▶ **ASSIGNMENT**: Without including any image, repeat every record exactly.

━━━━━ RECORDS ━━━━━

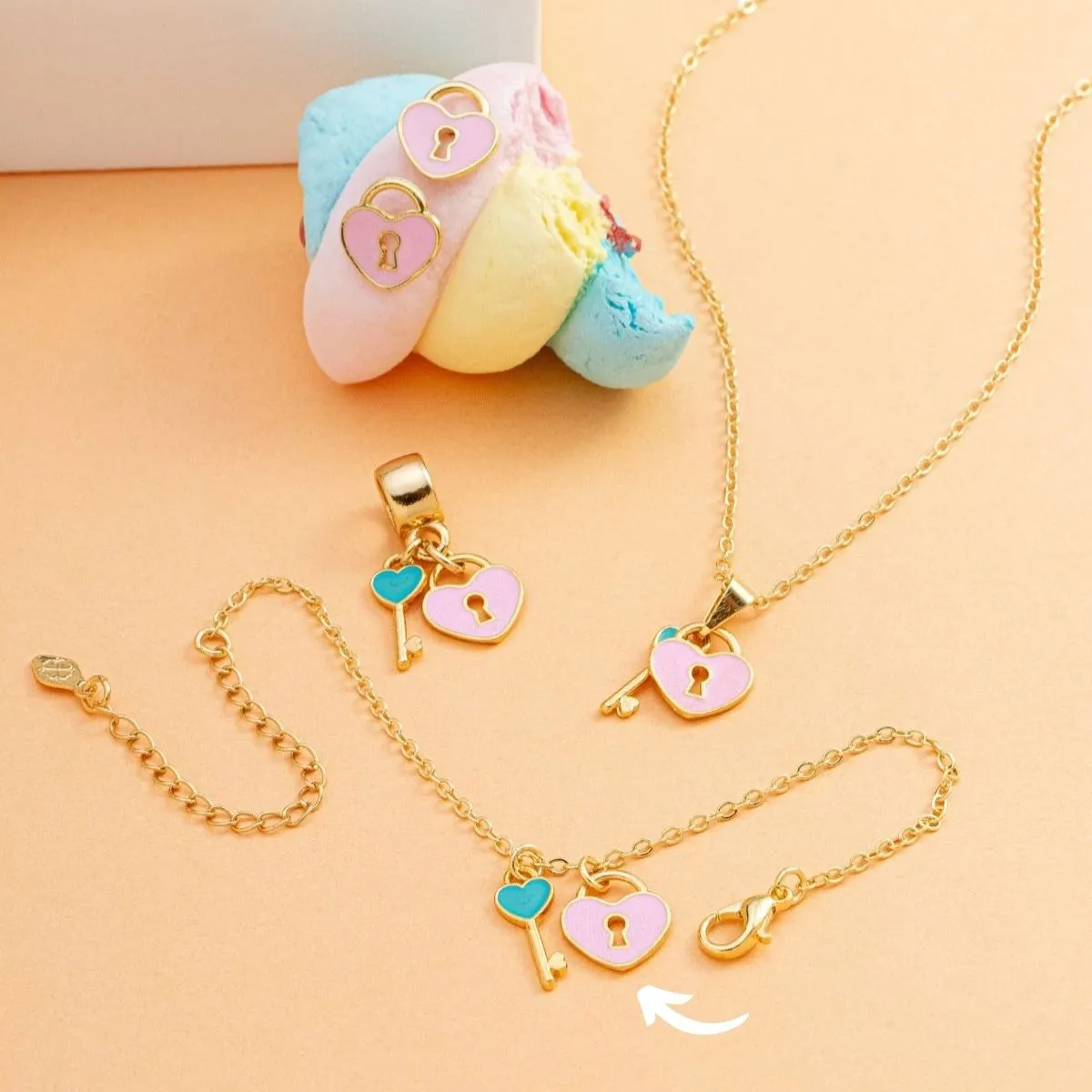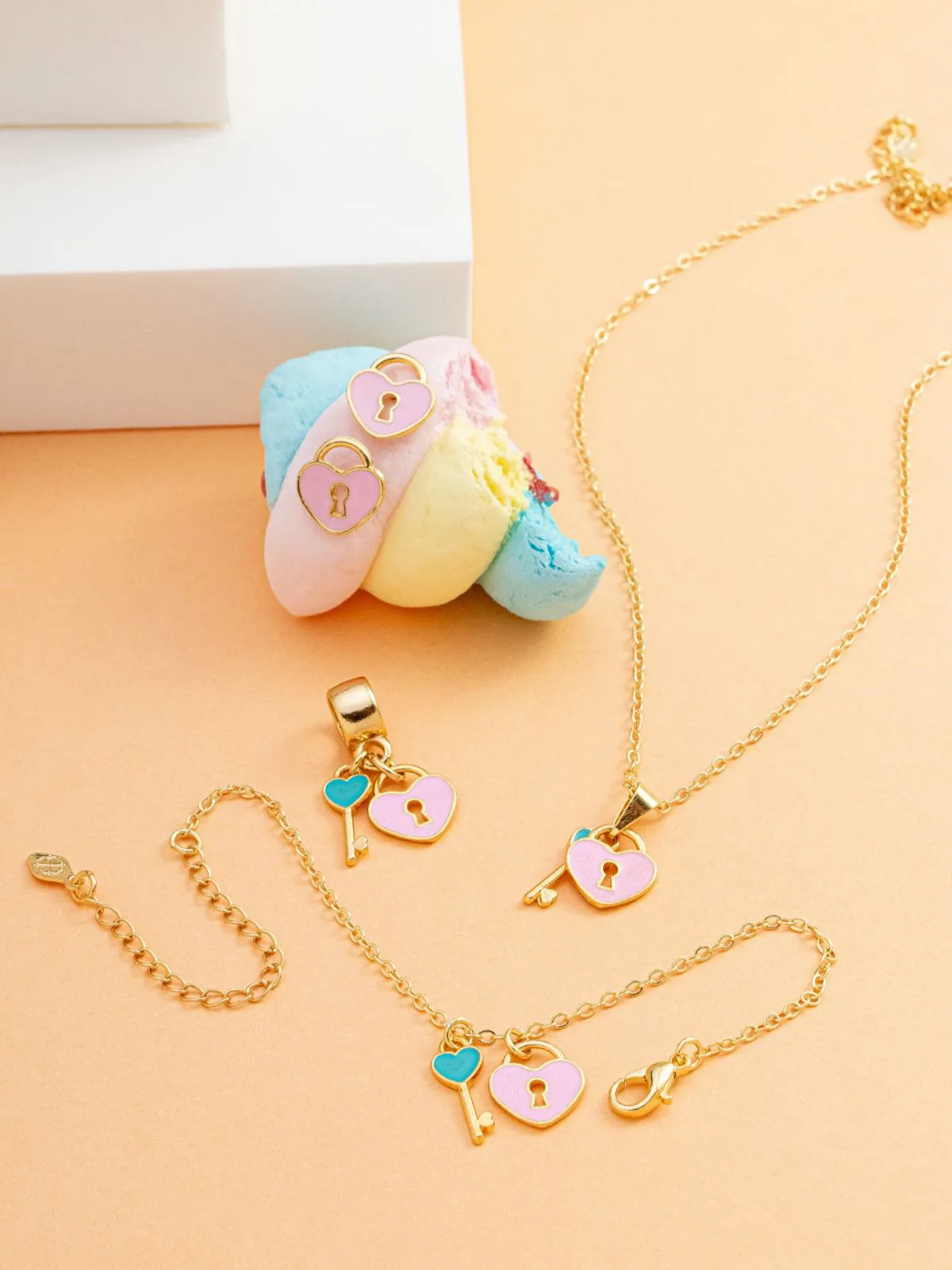 PULSEIRA INFANTIL CORAÇÃO CADEADO E CHAVE ESMALTADO COLORIDO
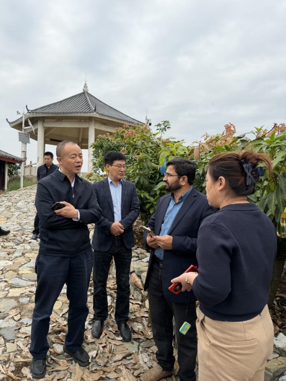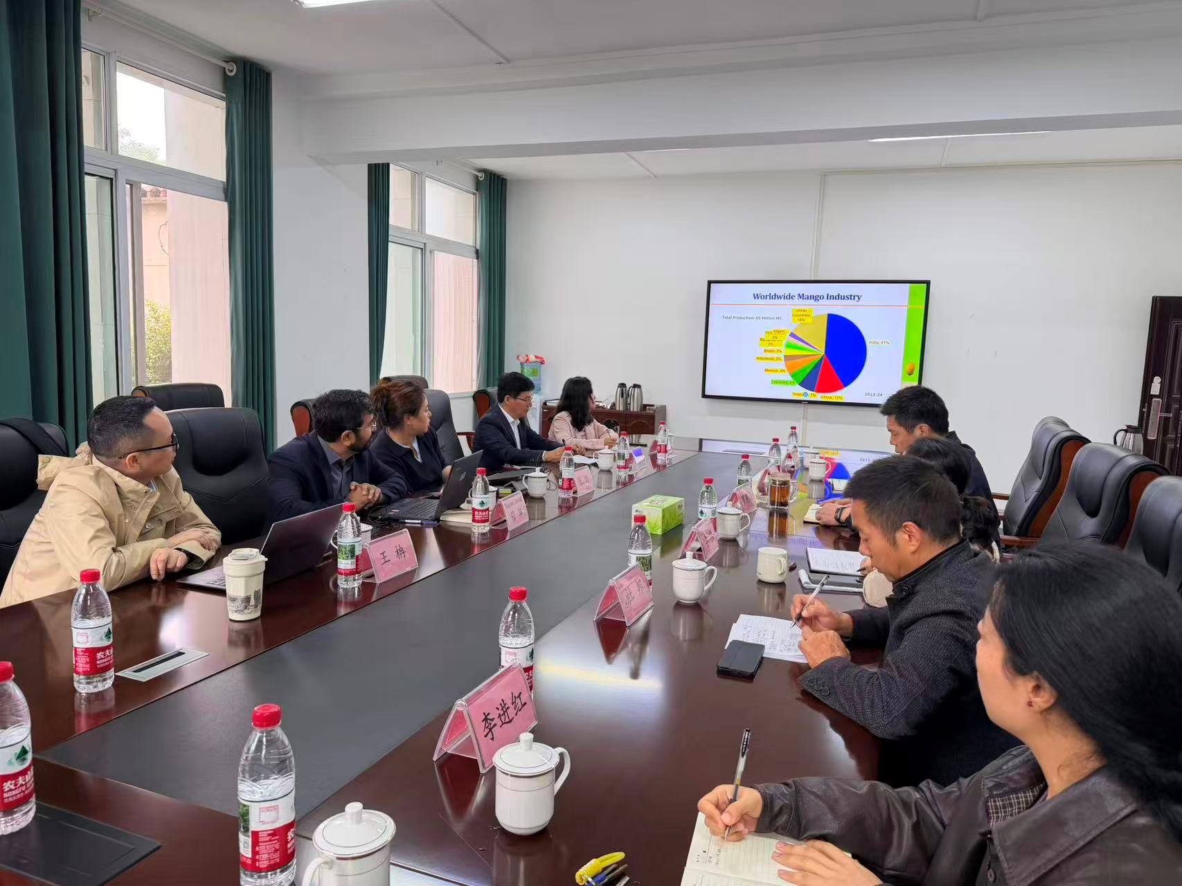 为实地考察我市芒果产业先进技术及发展现状,推动“攀果”技术、产业、标准沿“一带一路”加快“走出去”,扩大芒果产业国际影响力,2025年11月4日至5日,中国农业科学院都市农业研究所战略与规划团队、巴基斯坦木尔坦芒果研究所Maqbool Ahmad一行,赴我市混撒拉村、攀香源芒果加工厂、市农林科学研究院开展芒果产业专项调研及座谈交流。市农业农村局、市农林科学研究院陪同。
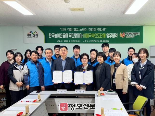 진안군은 2일 진안군치매안심센터 헤아림실에서 한국농어촌공사 무진장지사와 ‘치매안심사업 업무협약’을 체결했다고 밝혔다.
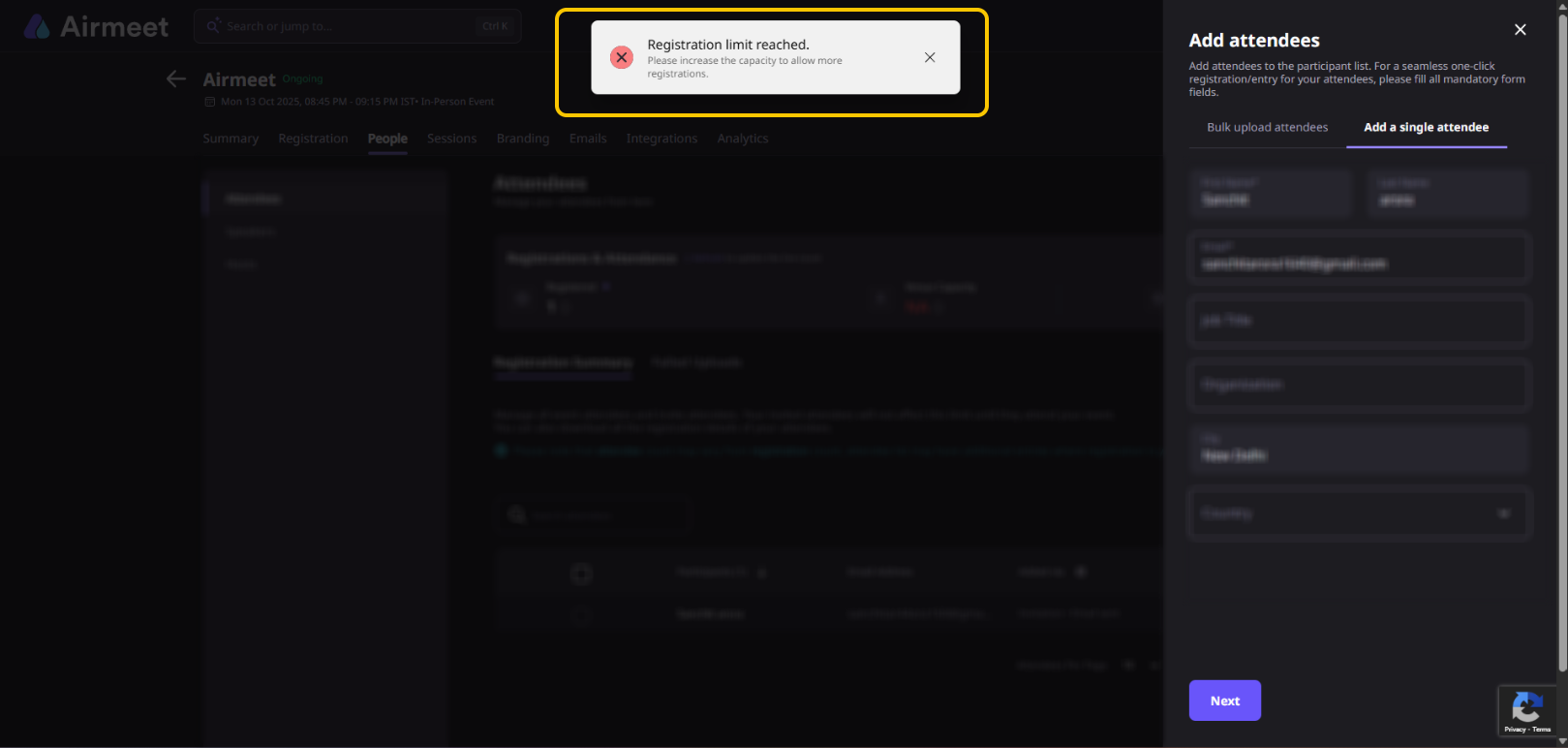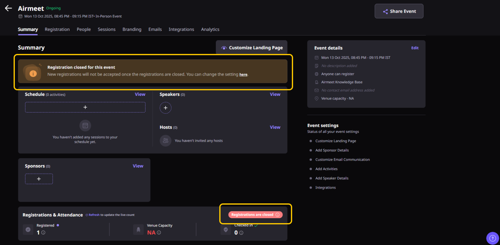 You can set the auto-close limit to 300, and once 300 people register, Airmeet will automatically disable new registrations—saving you from manually monitoring the count.
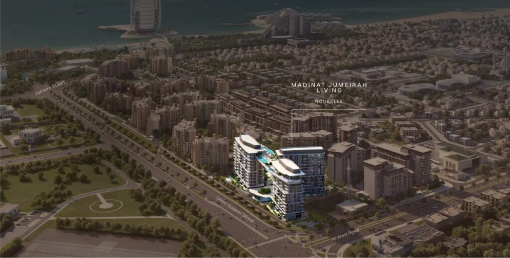 Nourelle At MJL Three contemporary buildings connected by a skybridge, offering 1-4 BR apartments with city skyline views.
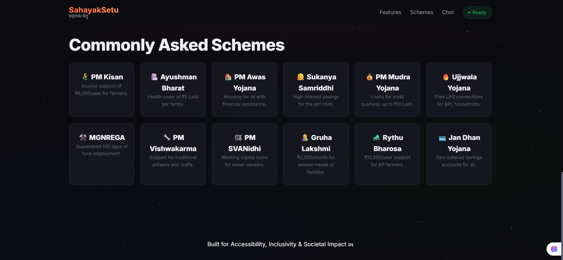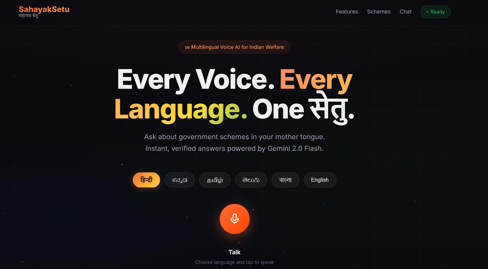 SahayakSetu is a voice-first digital assistant that helps senior citizens understand and access government schemes easily.
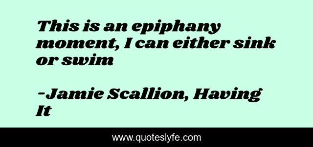 This page presents the quote "This is an epiphany moment, I can either sink or swim". Author of this quote is Jamie Scallion, Having It. This quote is about enthusiasm, young-adult-fiction, young-adult, inspirational, inspiration,.
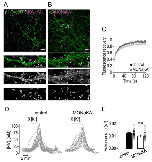 We then performed FRAP experiments on primary hippocampal neurons expressing α3-SEP to test if MONaKA-induced clustering of α3 also affects the mobility. In neurons treated for 24 h with MONaKA, the mobile fraction of α3 was reduced from 89.8 ± 2.5% to 75.8 ± 2.5% (Figure 5C). To test if this reduction in mobility and clustering by MONaKA influence the Na+ transport efficiency, as shown in the cross-linking experiments, we determined the Na+ extrusion rate in non-transfected hippocampal neurons and found it to be reduced by 18 ± 10% after 24 h of MONaKA treatment (Figure 5D,E).
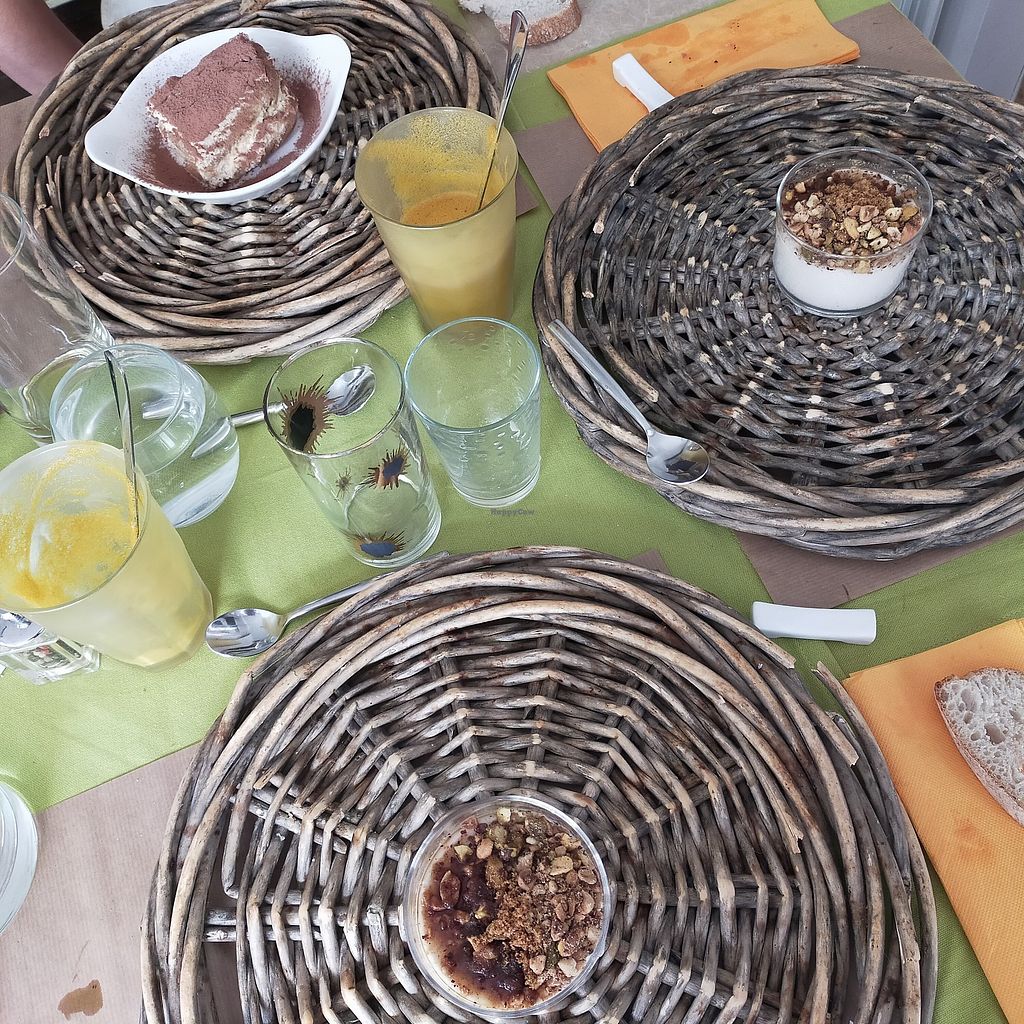 Read moreThe menu changes every week, with a choice of two starters, two mains and two sweets. I had stuffed tomatoes and rice for my main, and my friend had tagliatelle which was the other main dish. For my sweet I chose the stewed apples in chocolate mousse. They also have a good selection of organic beers and wines, and their own carrot and ginger juice (hence the name of the restaurant "Carottes Gingembre" - carrot and ginger juice).
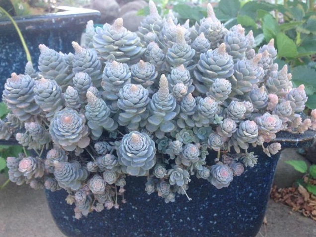 Esta suculenta inusual proviene de China. Sus hojas vienen en varios tonos de verde, azul y morado. Precisa pleno sol y produce flores de color blanco y anaranjado en otoño.
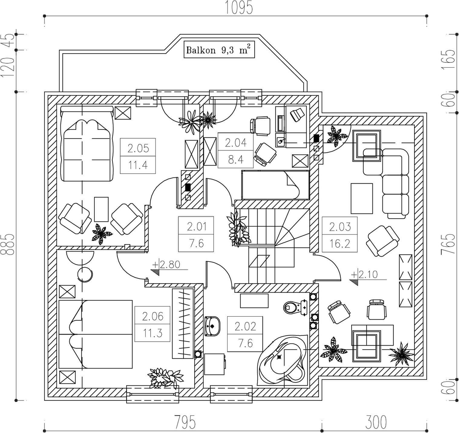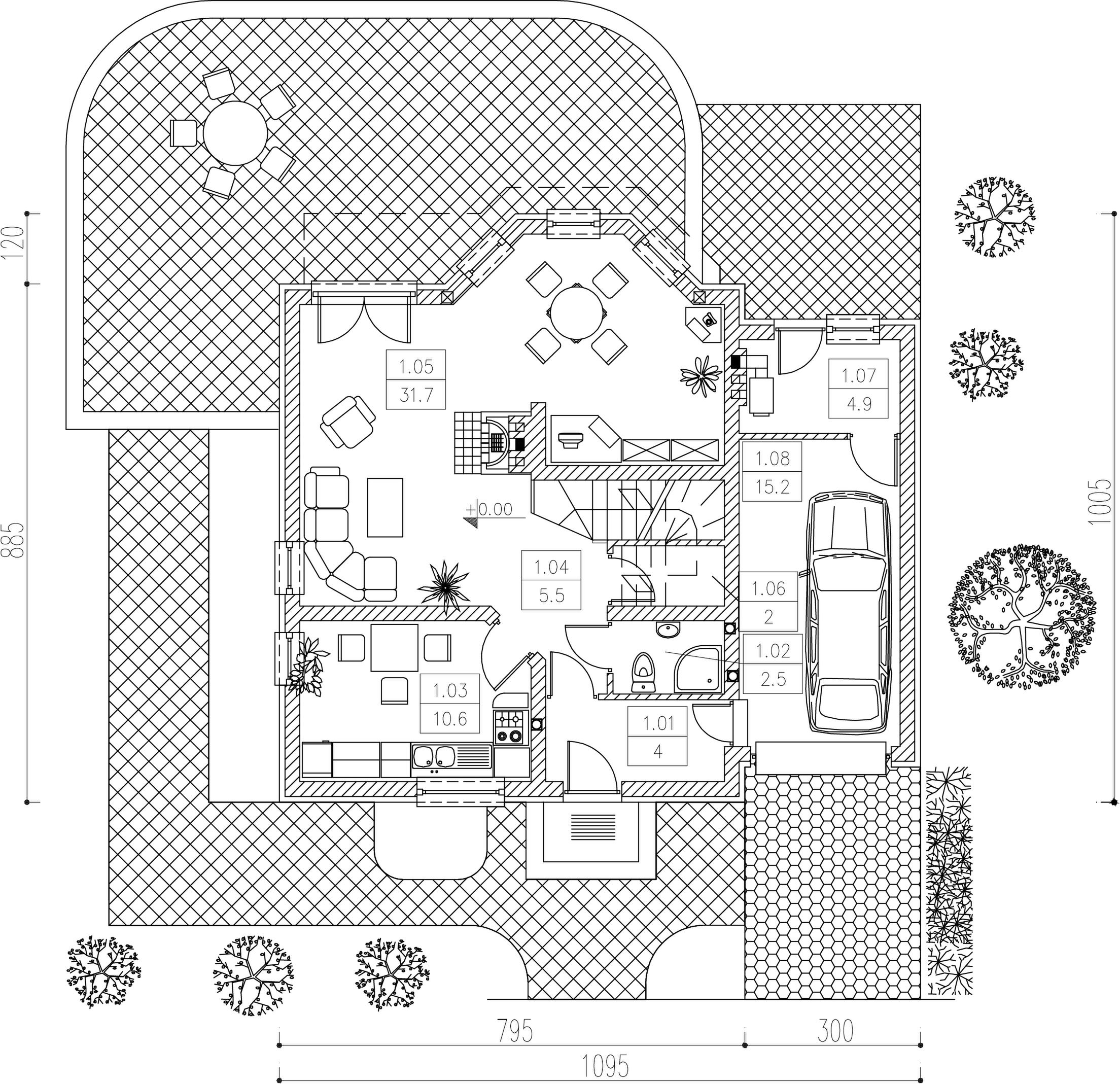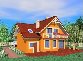 Graficzne opracowanie rzutów poglądowych widocznych na karcie projektu zostało wykonane przez Extradom.pl. Prezentowane przez Extradom.pl wizualizacje wykonane zostały przez autora projektu i należy poczytywać je jedynie za przykład i propozycję wykończenia, wizję architektoniczną autora projektu. Ostateczne wykończenie budynku może nastąpić na wiele sposobów. Szczegółowe rozwiązania zastosowane w oferowanej dokumentacji - w tym również ilość, lokalizacje i wygląd okien, drzwi, kominów - mogą w niewielkim stopniu różnić się od prezentowanej wizualizacji budynku.

━━━━━

▶ **COMPLETED TASK**:
 PULSEIRA INFANTIL CORAÇÃO CADEADO E CHAVE ESMALTADO COLORIDO
 为实地考察我市芒果产业先进技术及发展现状,推动“攀果”技术、产业、标准沿“一带一路”加快“走出去”,扩大芒果产业国际影响力,2025年11月4日至5日,中国农业科学院都市农业研究所战略与规划团队、巴基斯坦木尔坦芒果研究所Maqbool Ahmad一行,赴我市混撒拉村、攀香源芒果加工厂、市农林科学研究院开展芒果产业专项调研及座谈交流。市农业农村局、市农林科学研究院陪同。
 진안군은 2일 진안군치매안심센터 헤아림실에서 한국농어촌공사 무진장지사와 ‘치매안심사업 업무협약’을 체결했다고 밝혔다.
 You can set the auto-close limit to 300, and once 300 people register, Airmeet will automatically disable new registrations—saving you from manually monitoring the count.
 Nourelle At MJL Three contemporary buildings connected by a skybridge, offering 1-4 BR apartments with city skyline views.
 SahayakSetu is a voice-first digital assistant that helps senior citizens understand and access government schemes easily.
 This page presents the quote "This is an epiphany moment, I can either sink or swim". Author of this quote is Jamie Scallion, Having It. This quote is about enthusiasm, young-adult-fiction, young-adult, inspirational, inspiration,.
 We then performed FRAP experiments on primary hippocampal neurons expressing α3-SEP to test if MONaKA-induced clustering of α3 also affects the mobility. In neurons treated for 24 h with MONaKA, the mobile fraction of α3 was reduced from 89.8 ± 2.5% to 75.8 ± 2.5% (Figure 5C). To test if this reduction in mobility and clustering by MONaKA influence the Na+ transport efficiency, as shown in the cross-linking experiments, we determined the Na+ extrusion rate in non-transfected hippocampal neurons and found it to be reduced by 18 ± 10% after 24 h of MONaKA treatment (Figure 5D,E).
 Read moreThe menu changes every week, with a choice of two starters, two mains and two sweets. I had stuffed tomatoes and rice for my main, and my friend had tagliatelle which was the other main dish. For my sweet I chose the stewed apples in chocolate mousse. They also have a good selection of organic beers and wines, and their own carrot and ginger juice (hence the name of the restaurant "Carottes Gingembre" - carrot and ginger juice).
 Esta suculenta inusual proviene de China. Sus hojas vienen en varios tonos de verde, azul y morado. Precisa pleno sol y produce flores de color blanco y anaranjado en otoño.
 Graficzne opracowanie rzutów poglądowych widocznych na karcie projektu zostało wykonane przez Extradom.pl. Prezentowane przez Extradom.pl wizualizacje wykonane zostały przez autora projektu i należy poczytywać je jedynie za przykład i propozycję wykończenia, wizję architektoniczną autora projektu. Ostateczne wykończenie budynku może nastąpić na wiele sposobów. Szczegółowe rozwiązania zastosowane w oferowanej dokumentacji - w tym również ilość, lokalizacje i wygląd okien, drzwi, kominów - mogą w niewielkim stopniu różnić się od prezentowanej wizualizacji budynku.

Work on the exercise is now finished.